De Salve Francesca, Rossi Chiara, Gioacchini Elena, Messina Irene, Oasi Osmano
Department of Psychology, Catholic University of Sacred Heart, Milan, Italy.
Faculty of Social and Communication Sciences, Universitas Mercatorum, Rome, Italy.
Clin Psychol Psychother. 2025 May-Jun;32(3):e70080. doi: 10.1002/cpp.70080.
Dropout in psychotherapy for personality disorders is a major challenge, affecting treatment efficacy and mental health care delivery. Influenced by patient characteristics, therapist factors and treatment dynamics, dropout remains prevalent. This systematic review identifies predictors of psychotherapy dropout in individuals with personality disorders to inform strategies that enhance treatment engagement.
A systematic search in PsycINFO, PubMed and Scopus identified 22 studies from 1976 articles. Inclusion criteria required DSM/ICD-based personality disorder assessments and dropout predictors in psychotherapy. Non-English or non-peer-reviewed studies were excluded. Screening followed PRISMA guidelines using Rayyan, and study quality was assessed with the Newcastle-Ottawa Scale (NOS).
Dropout rates ranged from 10.4% to 58%, depending on treatment modality and patient characteristics. Younger age, comorbid substance use disorders, emotional dysregulation, distress tolerance difficulties, childhood emotional abuse, therapist turnover and low motivation were significant predictors of dropout.
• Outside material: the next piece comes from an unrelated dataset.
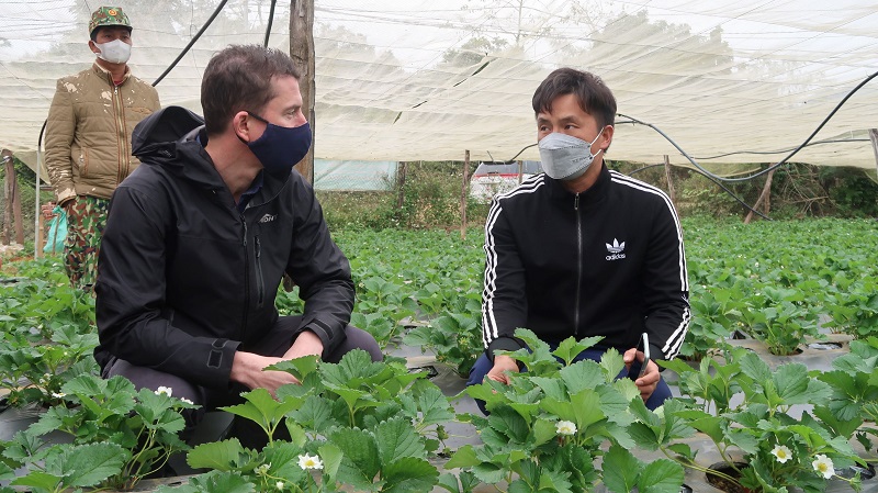 Phó Đại sứ Australia Mark Tattersall, Đại sứ quán Australia tại Việt Nam trò chuyện với anh Vi Văn Tùng tại trang trại dâu tây của anh ở Mộc Châu.

Conversely, strong therapeutic alliances, mindfulness-based skills and engagement in phone coaching were associated with improved retention. Other relevant factors included low reflective functioning, lower education levels and socio-economic adversity, such as receiving disability benefits. Only one study identified low reflective functioning as a dropout predictor. Systemic factors, including treatment organization and care coordination, also played a crucial role.
Addressing dropout requires early engagement strategies, therapist continuity and treatment flexibility. Enhancing therapeutic alliance and reflective functioning may be particularly effective in reducing dropout. Systemic improvements, such as better care coordination and accessibility, are crucial for sustaining engagement and improving psychotherapy outcomes for individuals with personality disorders.
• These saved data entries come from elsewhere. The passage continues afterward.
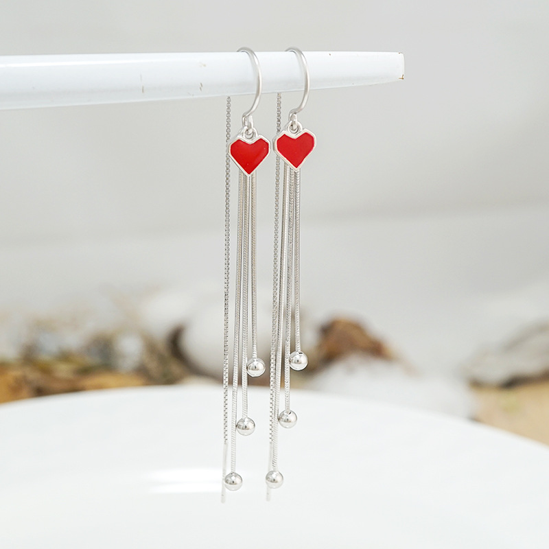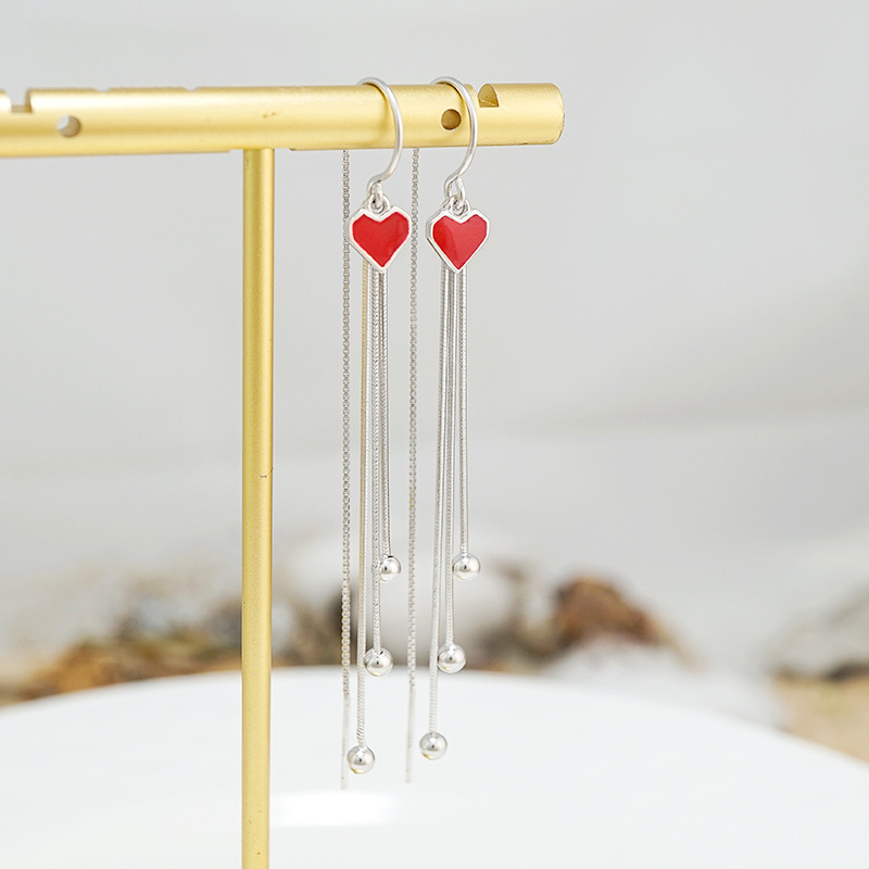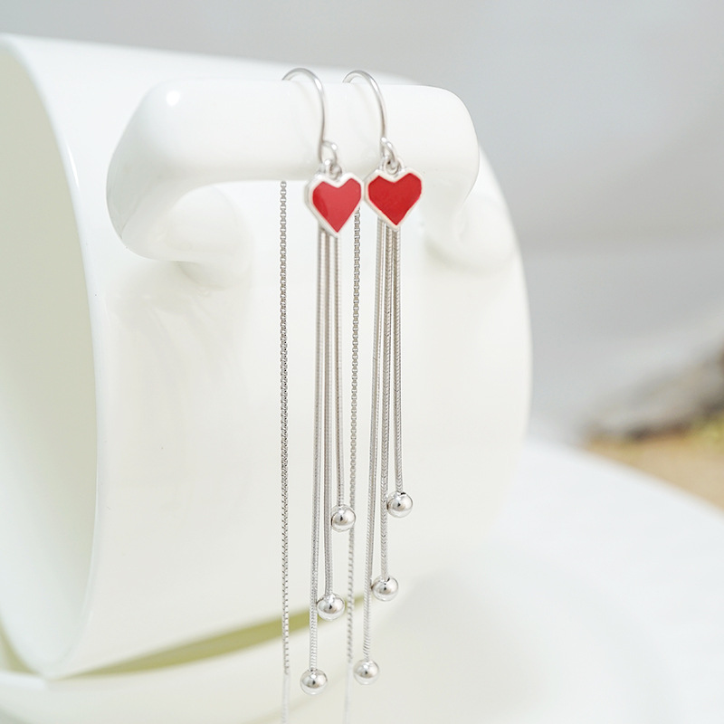 Pure Silver Earrings Woman Long Version Love Temperament Net Red 2020 New Tide Korea Fashion Silver Needle Streaming Suear Ornaments
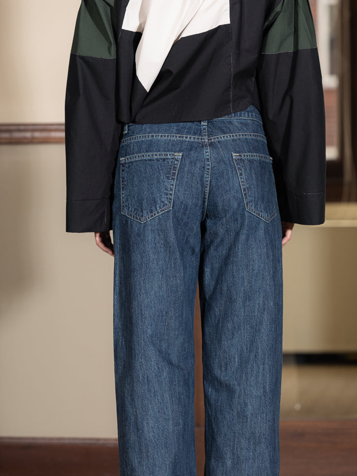 The most contemporary cut on a classic straight legged, low-rise jean. And we mean ideal fit in the seat and hip. Mid-blue wash, 11 oz denim. Unisex.
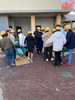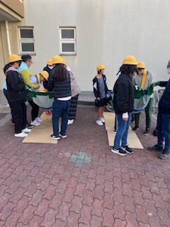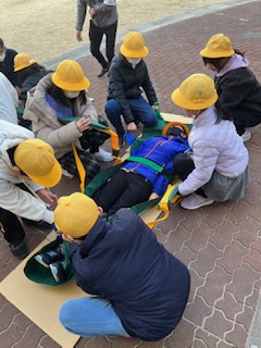 6年生は避難所でのボランティアを想定し、簡易担架での運び方について、あおぞら財団の方から学んでいます。
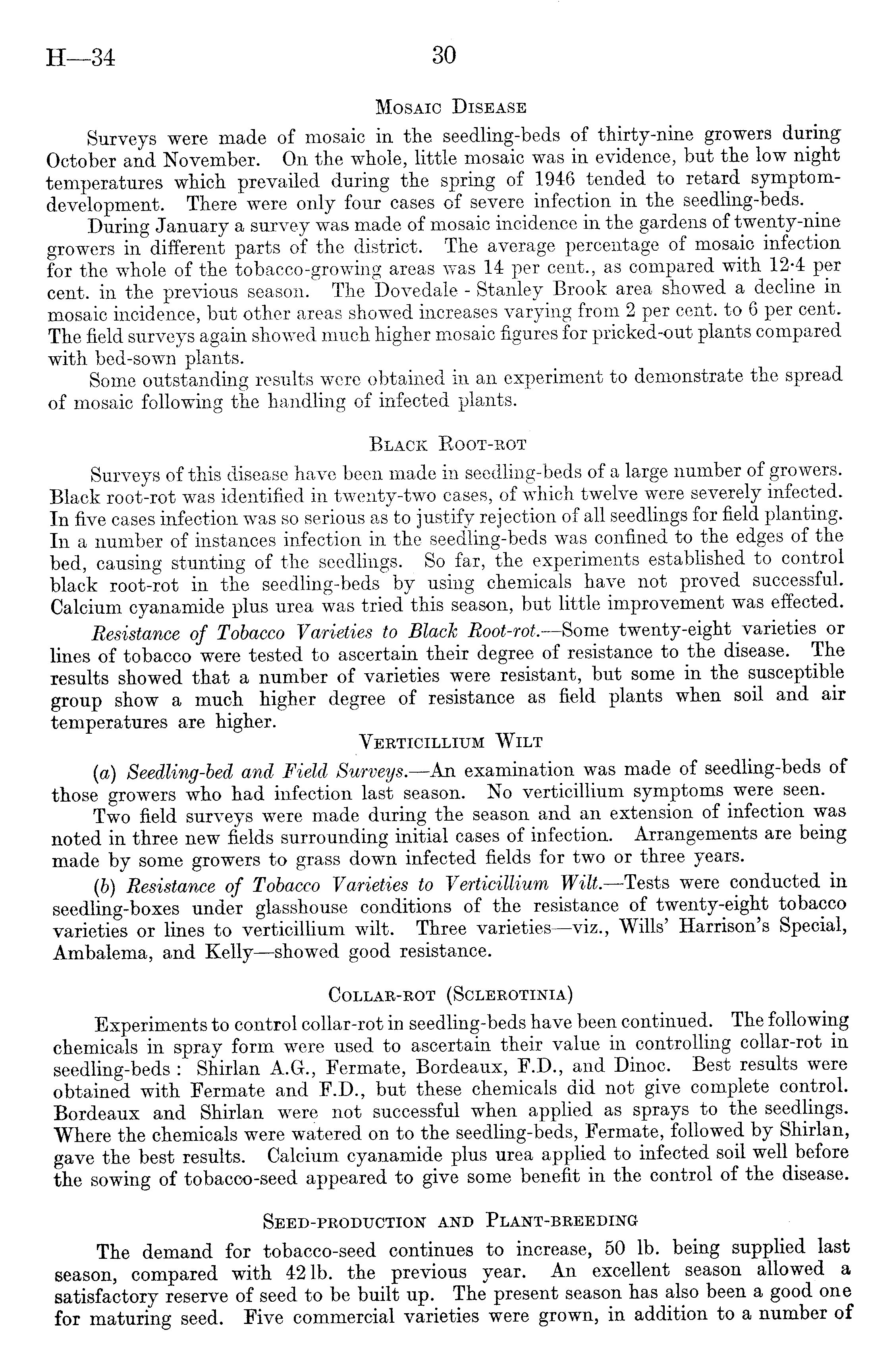 Mosaic Disease Surveys were made of mosaic in. the seedling-beds of thirty-nine growers during October and November. On the whole, little mosaic was in evidence, but the low night temperatures which prevailed during the spring of 1946 tended to retard symptomdevelopment. There were only four cases of severe infection in the seedling-beds. During January a survey was made of mosaic incidence in the gardens of twenty-nine growers in different parts of the district. The average percentage of mosaic infection for the whole of the tobacco-growing areas was 14 per cent., as compared with 12-4 per cent, in the previous season. The Dovedale - Stanley Brook area showed a decline in mosaic incidence, but other areas showed increases varying from 2 per cent, to 6 per cent. The field surveys again showed much higher mosaic figures for pricked-out plants compared with bed-sown plants. Some outstanding results were obtained in an experiment to demonstrate the spread of mosaic following the handling of infected plants. Black Root-rot Surveys-of this disease have been made in seedling-beds of a large number of growers. Black root-rot was identified in twenty-two cases, of which twelve were severely infected. In five cases infection was so serious as to justify rejection of all seedlings for field planting. In a number of instances infection in the seedling-beds was confined to the edges of the bed, causing stunting of the seedlings. So far, the experiments established to control black root-rot in the seedling-beds by using chemicals have not proved successful. Calcium cyanamide plus urea was tried this season, but little improvement was effected. Resistance of Tobacco Varieties to Black Root-rot. —Some twenty-eight varieties or lines of tobacco were tested to ascertain their degree of resistance to the disease. The results showed that a number of varieties were resistant, but some in the susceptible group show a much higher degree of resistance as field plants when soil and air temperatures are higher. Verticillium Wilt (а) Seedling-bed and Field Surveys. —An examination was made of seedling-beds of those growers who had infection last season. No verticillium symptoms were seen. Two field surveys were made during the season and an extension of infection was noted in three new fields surrounding initial cases of infection. Arrangements are being made by some growers to grass down infected fields for two or three years. (б) Resistance of Tobacco Varieties to Verticillium Wilt.—Tests were conducted in seedling-boxes under glasshouse conditions of the resistance of twenty-eight tobacco varieties or lines to verticillium wilt. Three varieties —viz., Wills' Harrison's Special, Ambalema, and Kelly —showed good resistance. Collar-rot (Sclerotinia) Experiments to control collar-rot in seedling-beds have been continued. The following chemicals in spray form were used to ascertain their value in controlling collar-rot in seedling-beds : Shirlan A.G., Fermate, Bordeaux, F.D., and Dinoc. Best results were obtained with Fermate and F.D., but these chemicals did not give complete control. Bordeaux and Shirlan were not successful when applied as sprays to the seedlings. Where the chemicals were watered on to the seedling-beds, Fermate, followed by Shirlan, gave the best results. Calcium cyanamide plus urea applied to infected soil well before the sowing of tobacco-seed appeared to give some benefit in the control of the disease. Seed-production and Plant-breeding The demand for tobacco-seed continues to increase, 50 lb. being supplied last season, compared with 42 lb. the previous year. An excellent season allowed a satisfactory reserve of seed to be built up. The present season has also been a good one for maturing seed. Five commercial varieties were grown, in addition to a number of

PROSPERO number: CRD42024509283.
人格障碍心理治疗中的脱落问题是一项重大挑战,影响治疗效果和心理健康服务的提供。受患者特征、治疗师因素和治疗动态的影响,脱落现象仍然普遍存在。本系统评价确定了人格障碍患者心理治疗脱落的预测因素,以为增强治疗参与度的策略提供依据。
在PsycINFO、PubMed和Scopus中进行系统检索,从1976篇文章中识别出22项研究。纳入标准要求基于DSM/ICD的人格障碍评估以及心理治疗中的脱落预测因素。排除非英文或非同行评审的研究。使用Rayyan按照PRISMA指南进行筛选,并使用纽卡斯尔-渥太华量表(NOS)评估研究质量。
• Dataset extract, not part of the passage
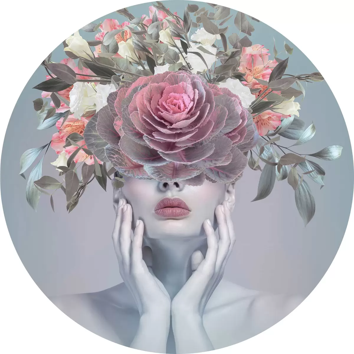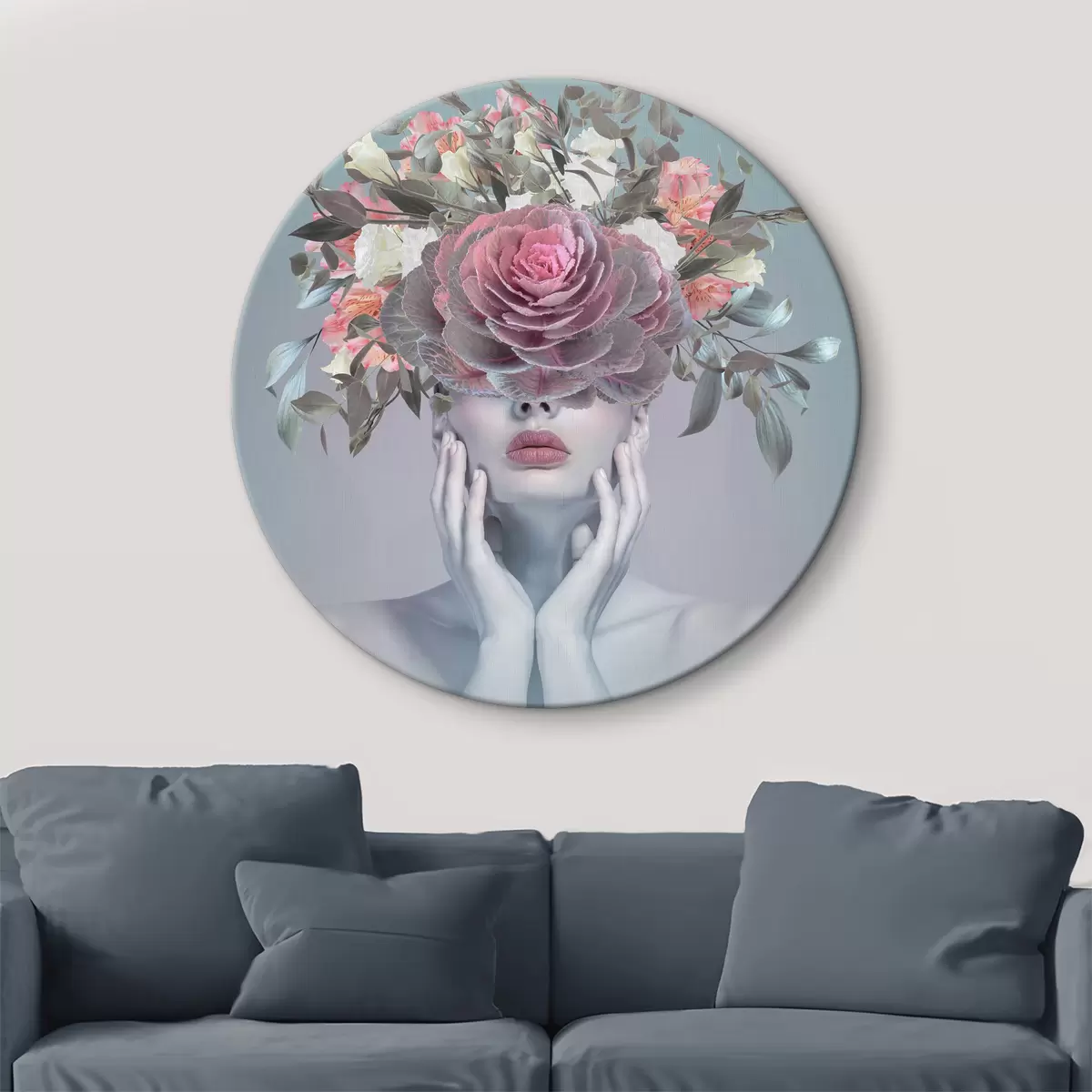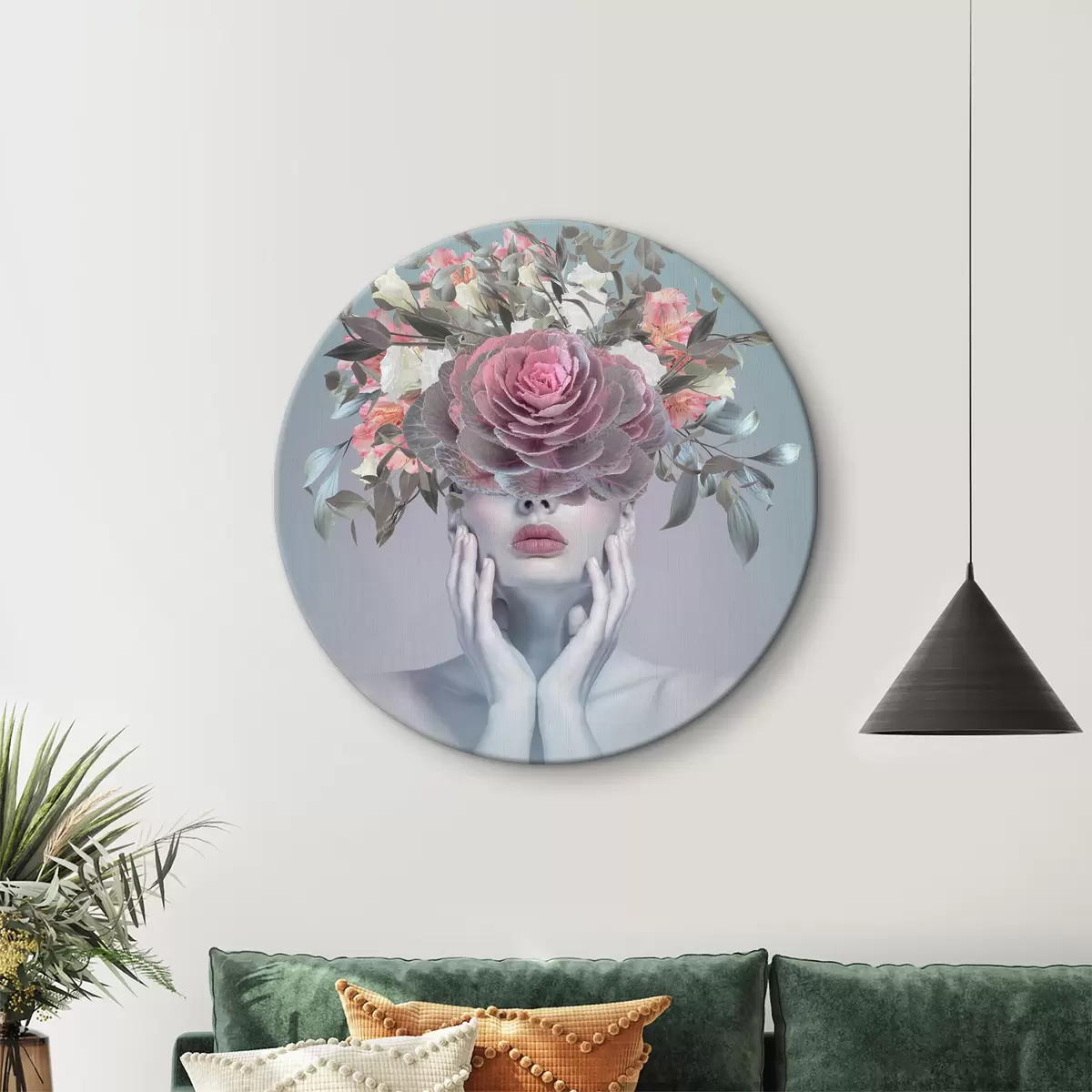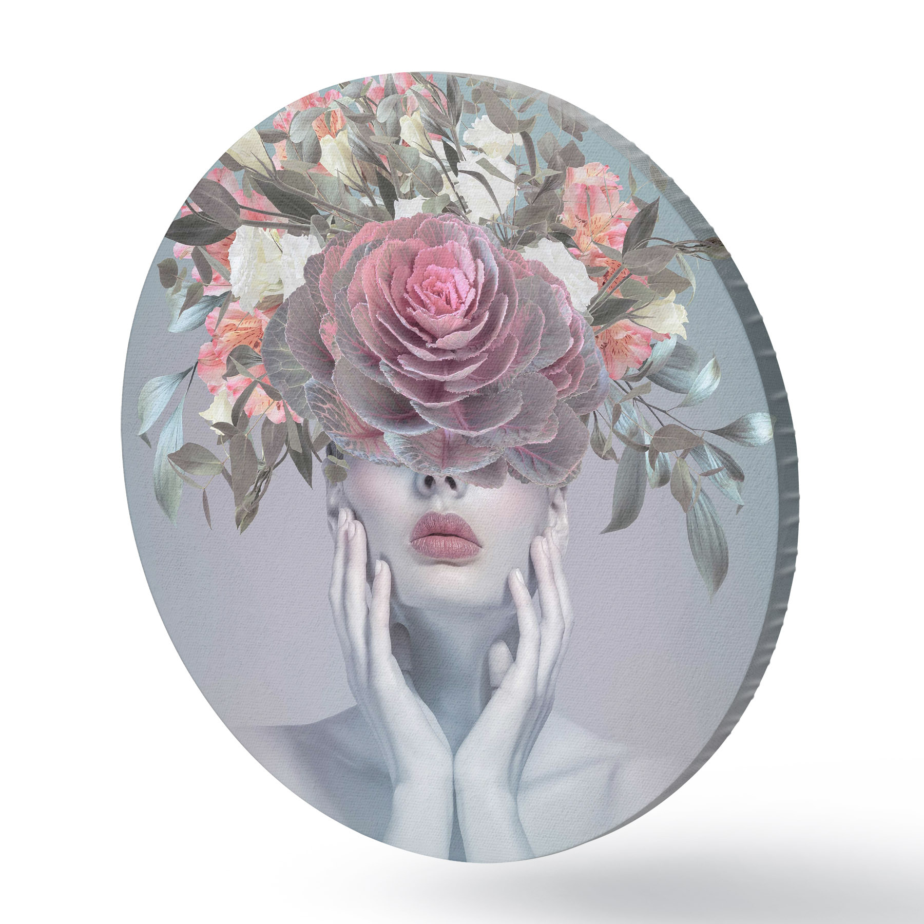 Tableaux ronds Femme avec des fleurs sur la tête r37479

脱落率在10.4%至58%之间,具体取决于治疗方式和患者特征。年龄较小、合并物质使用障碍、情绪调节障碍、痛苦耐受困难、童年期情感虐待、治疗师更换和动机不足是脱落的显著预测因素。相反,强大的治疗联盟、基于正念的技能以及参与电话辅导与更高的留存率相关。其他相关因素包括低反思功能、较低的教育水平和社会经济逆境,如领取残疾福利。只有一项研究将低反思功能确定为脱落预测因素。包括治疗组织和护理协调在内的系统因素也起着关键作用。
解决脱落问题需要早期参与策略、治疗师的连续性和治疗灵活性。增强治疗联盟和反思功能可能对减少脱落特别有效。系统改进,如更好的护理协调和可及性,对于维持人格障碍患者的参与度和改善心理治疗效果至关重要。
PROSPERO编号:CRD42024509283。